_Work request_
Output exactly the lines from the one containing "Jean en denim" through the final line of the entries below, both included, and skip the pictures.

Start of Data

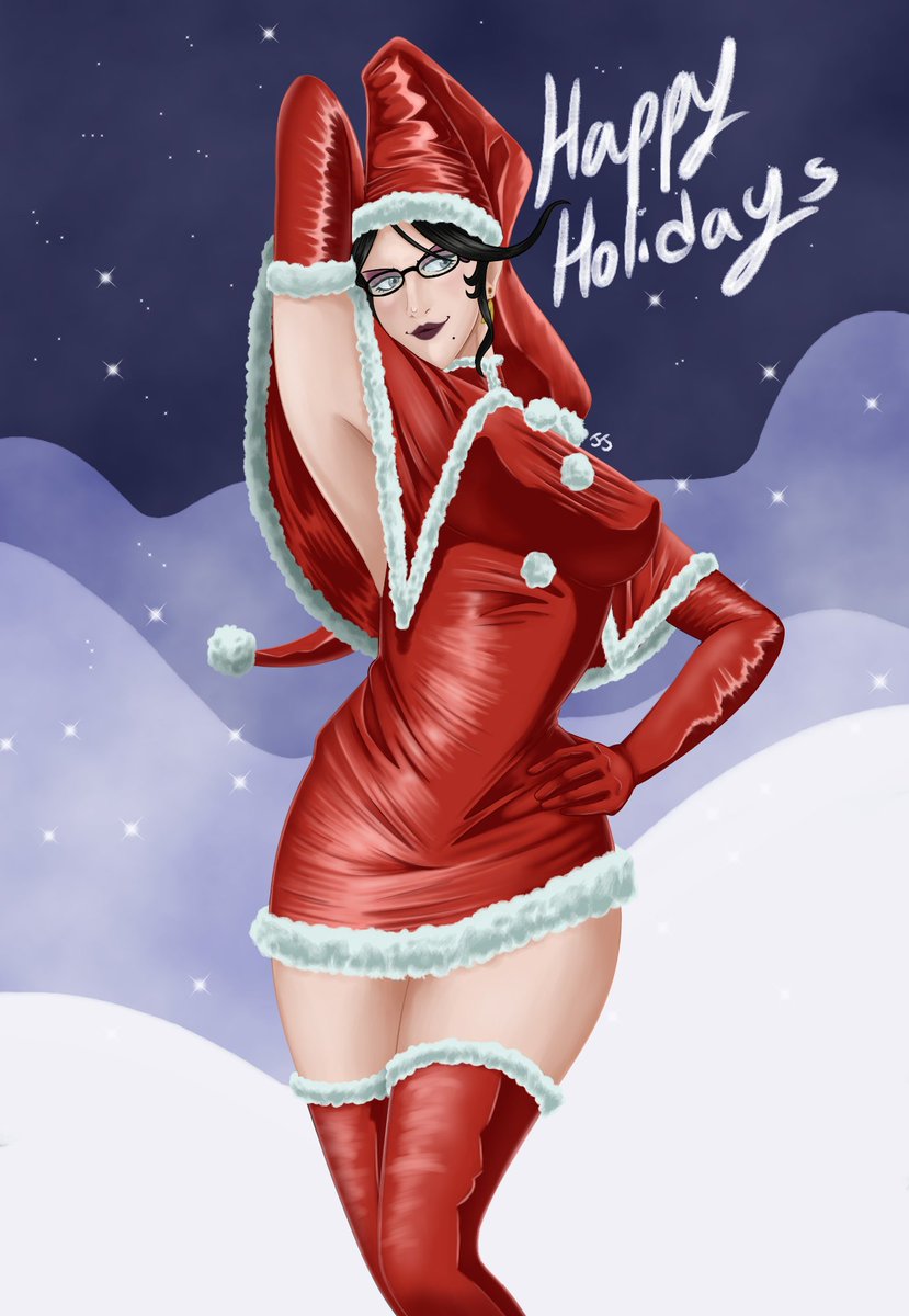 was going to wait to share these, but ITS BAYOS BDAY!! HAPPY BIRTHDAY FUNNY WITCH LADY!! i wanted to try my hand at drawing her christmas attire :^] #digitalart #bayonetta #christmas #platinumgames #デジタルイラスト #ベヨネッタ
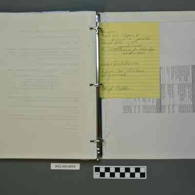 Binder measures 11.8 x 10.1 x 1.6 inches and documents are of various sizes.Context
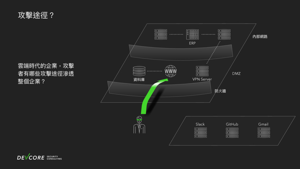防火牆 VPN Server Slack GitHub Gmail 資料庫 ERP 內部網路路 DMZ 主網站
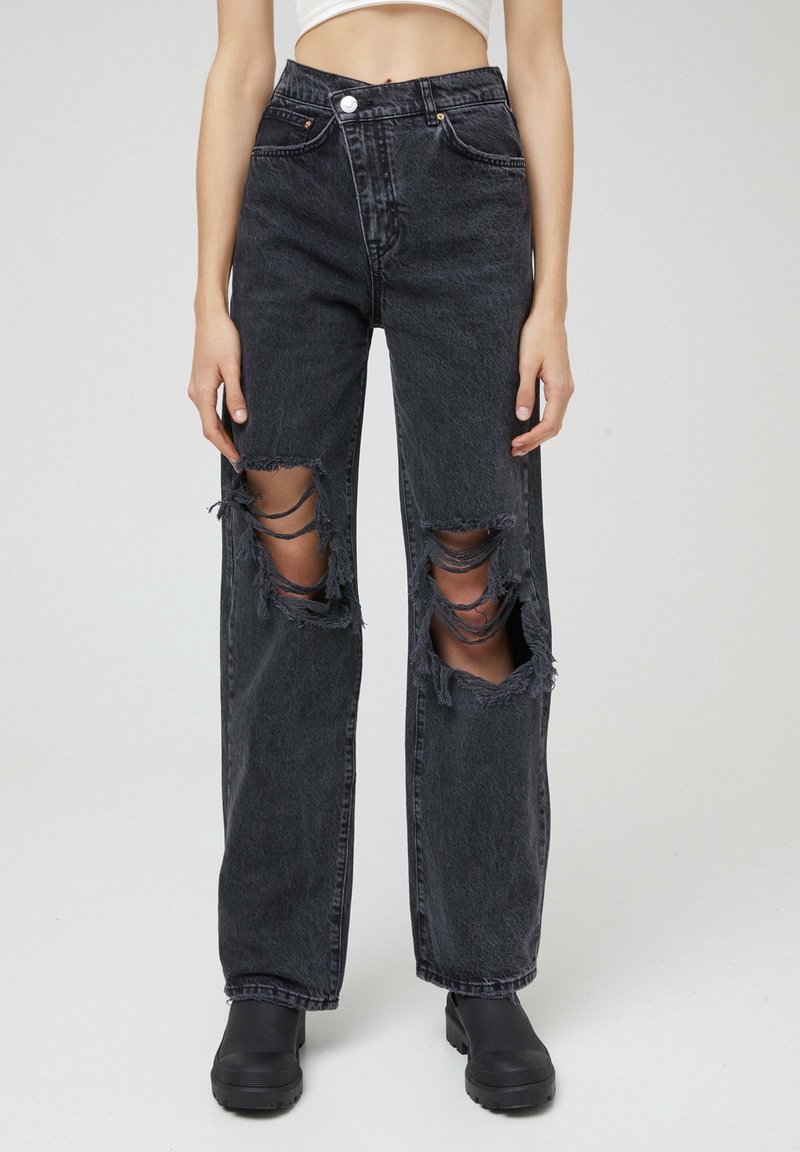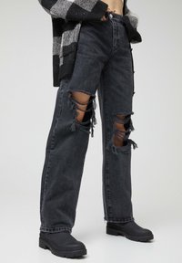 Jean en denim noir taille haute avec de grandes déchirures aux deux genoux, porté avec des bottes noires épaisses et un top blanc court.
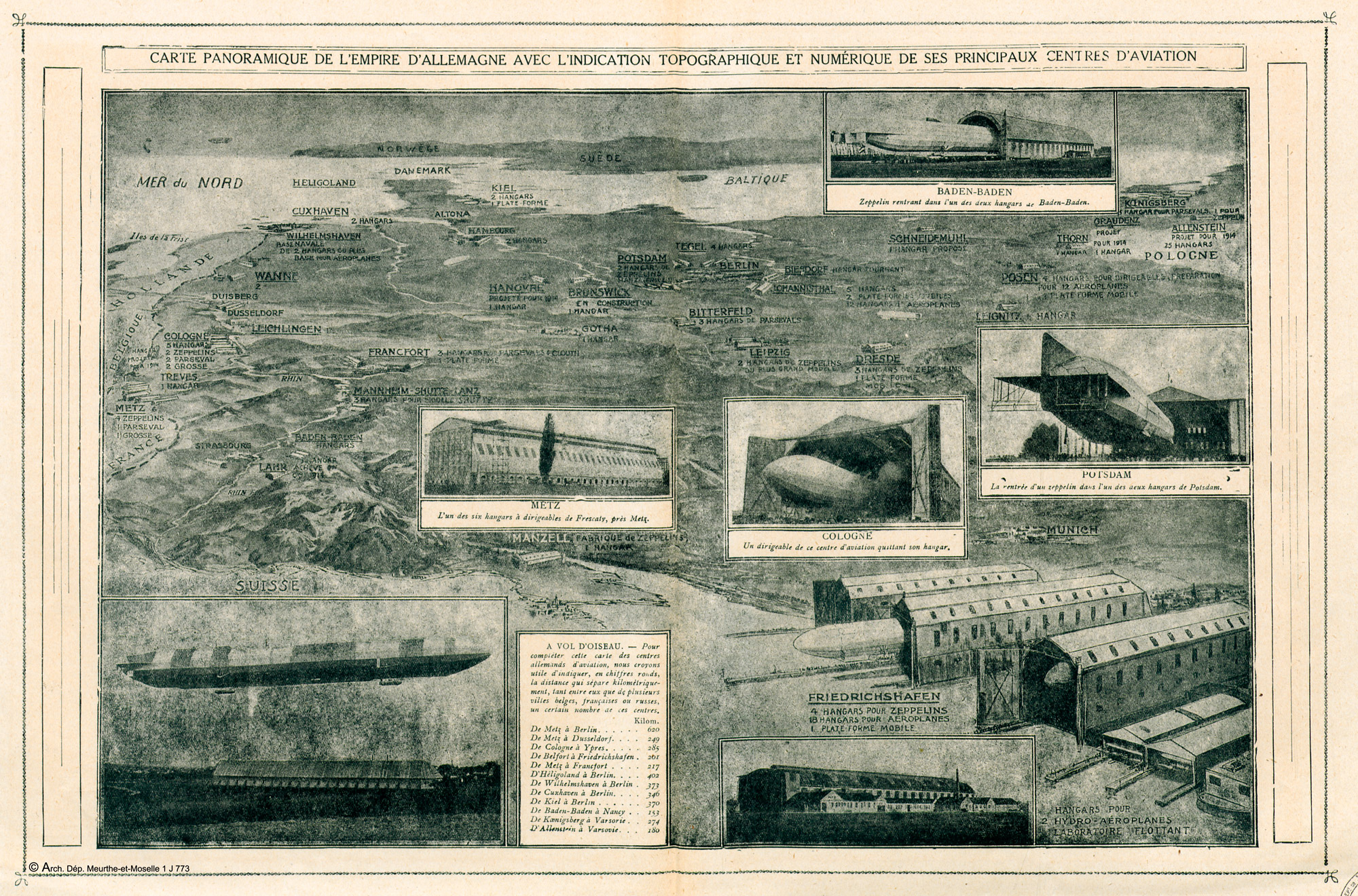 La carte en perspective offre une vision panoptique des capacités aériennes de l'Allemagne. La présence de gravures des principales bases aériennes ainsi que les distances tendent à lui donner de surcroît un caractère scientifique. Néanmoins, on pourrait croire que les forces aériennes ennemies se limitent aux zeppelins tant sont rares les indications faisant mention d'aéroplanes. En Lorraine occupée, on constate clairement l'importance stratégique de Metz.
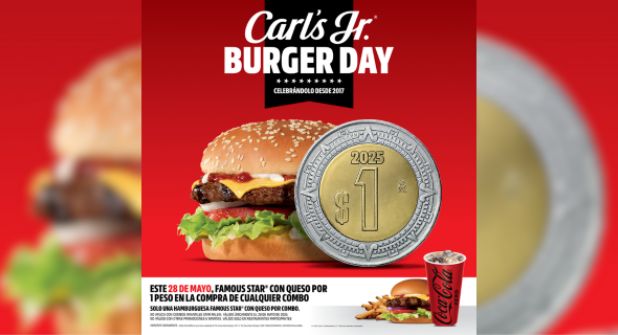Este martes 28 de mayo, Carl’s Jr. regalará su icónica hamburguesa Famous Star con queso por solo $1 peso al comprar cualquier combo en sus restaurantes.
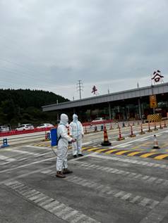 在收費(fèi)站,黨員志愿者積極主動(dòng)配合屬地政府開展疫情防控工作,不間斷開展場所消殺,疏導(dǎo)出站車輛,疏散滯留人員,清掃環(huán)境衛(wèi)生。
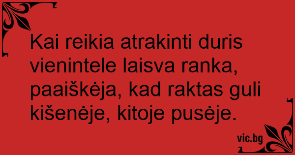 Kai reikia atrakinti duris vienintele laisva ranka, paaiškėja, kad raktas guli kišenėje, kitoje pusėje.
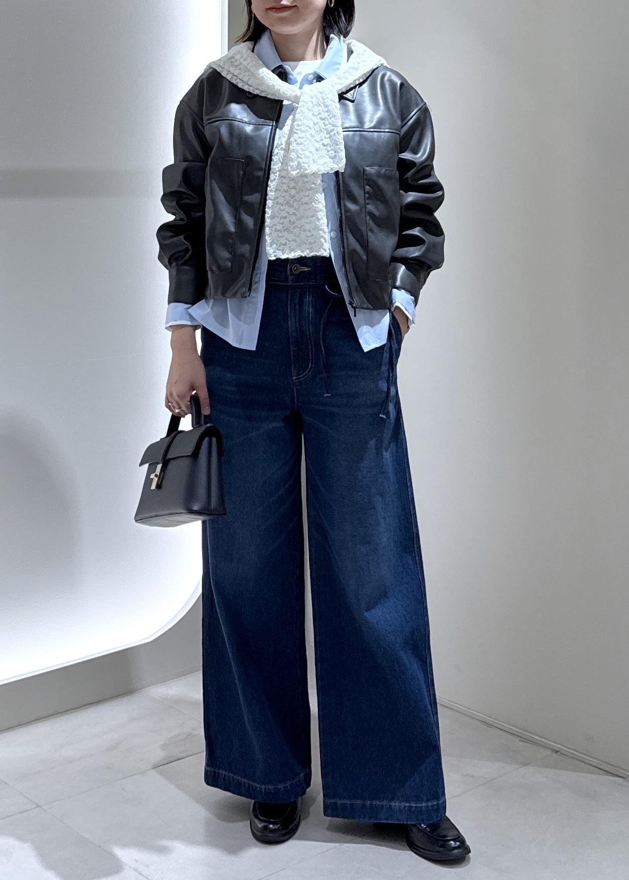 タック無しのハイウエストのデザインなのでスッキリとした印象で着れます!

End of Data

_Solution for this exercise_
 Jean en denim noir taille haute avec de grandes déchirures aux deux genoux, porté avec des bottes noires épaisses et un top blanc court.
 La carte en perspective offre une vision panoptique des capacités aériennes de l'Allemagne. La présence de gravures des principales bases aériennes ainsi que les distances tendent à lui donner de surcroît un caractère scientifique. Néanmoins, on pourrait croire que les forces aériennes ennemies se limitent aux zeppelins tant sont rares les indications faisant mention d'aéroplanes. En Lorraine occupée, on constate clairement l'importance stratégique de Metz.
Este martes 28 de mayo, Carl’s Jr. regalará su icónica hamburguesa Famous Star con queso por solo $1 peso al comprar cualquier combo en sus restaurantes.
 在收費(fèi)站,黨員志愿者積極主動(dòng)配合屬地政府開展疫情防控工作,不間斷開展場所消殺,疏導(dǎo)出站車輛,疏散滯留人員,清掃環(huán)境衛(wèi)生。
 Kai reikia atrakinti duris vienintele laisva ranka, paaiškėja, kad raktas guli kišenėje, kitoje pusėje.
 タック無しのハイウエストのデザインなのでスッキリとした印象で着れます!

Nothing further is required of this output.